From Hardwear to Quickwear: The Evolution of the Apparel Industry

The apparel industry is perhaps the oldest and most important industry in the economic history of the western world. In fact, unidentified bird bones have been found to be used as sewing needles as early as 50,000 BC. Throughout history, humanity has created textiles and garments by hand-weaving various animal and vegetable fibers together to craft unique and long-lasting pieces.

This notion of slow, hand-made fashion continued until the Industrial Revolution, which saw huge shifts in both the production and quantity of garments made with the introduction of modern technology. It was the first industry to be mechanized, due to the high amount of labour required to produce textiles and garments. With the invention of sewing machines and cotton gins, clothing companies were able to considerably accelerate the manufacturing process. This resulted in the mass production of clothing, allowing fashion brands to simplify patterns, improve affordability, and increase the frequency of changes in designs. Fashion became a commodity of self-expression rather than simply serving a practical purpose. 

As a result, “Fast Fashion” became the high-street norm in the late 1990s when brands such as Zara and H&M started producing affordable versions of outfits and styles seen on catwalks worldwide and selling them at a high volume within a two-week turnaround. The industry boomed, and technology continued to evolve to allow consumers to order from their favourite brands with one click and from the comfort of their home. The emergence of online shopping resulted in altered buying behaviours and consumption patterns, making fashion even more accessible to everyone.

 …it can take more than 5,000 gallons of water to manufacture just a T-shirt and a pair of jeans. 

Nowadays, around 150 billion garments are produced each year, despite a world population of 7.5 billion. The fashion brand Zara, a subsidiary of Spanish group Inditex, produces around 65,000 designs per year.

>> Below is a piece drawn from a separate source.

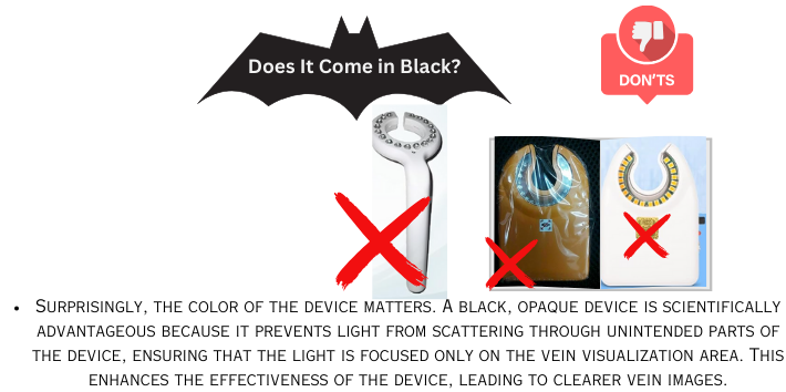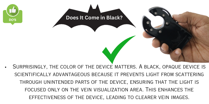 Surprisingly, the colour of the device matters. A black, opaque device is scientifically advantageous because it prevents light from scattering through unintended parts of the device, ensuring that the light is focused only on the vein visualization area. This enhances the effectiveness of the device, leading to clearer vein images.
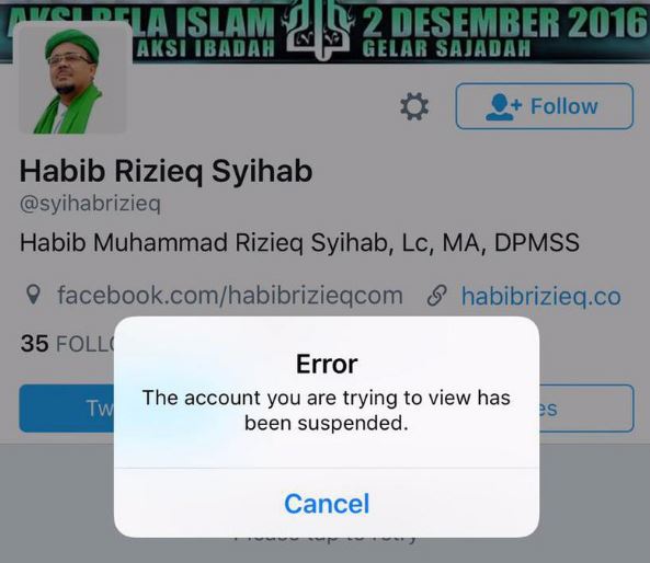 Another organization that FPI has apparently crossed the line with is social media giant Twitter, which suspended both the official FPI Twitter account (@dpp_fpi) and Rizieq’s personal account.

For context, an average clothing company produces up to 5,000. Whilst the Fast Fashion phenomenon has certainly accommodated consumers across the social spectrum, the supply chain models behind the brands tell another story.

In the Photo: An industrial site. Photo Credit: Vitaly Vlasov

Environmental Damages

Since the rise of Fast Fashion, the apparel industry is amongst the most damaging industries for the environment. According to Earth.org, it is responsible for 10% of global carbon emissions annually; which is five times higher than the aerospace industry. In Ellen Macarthur Foundation’s report ‘A New Textiles Economy’ (2017), it is estimated that 1.2 billion tons of greenhouse gas emissions originate from textile production. Despite the common belief, these alarming numbers are not only linked to manufacturing processes but moreover, to the rise of online shopping platforms like ASOS. They propose a free-return policy, which further encourages consumption, contributing to our global increase of carbon-emissions.

ACTA’s founder Camille Reed explains that one-third of the online clothing purchases that are returned will be sent to waste, as returned items typically need to be inspected, commercially cleaned and repackaged, a costly process that significantly reduces profit. As a result, according to the Environmental Protection Agency, some 12.8 billion tons of clothing are sent to landfills every year. Due to the high volume of water required to produce garments, the industry also represents 20% of global wastewater each year. 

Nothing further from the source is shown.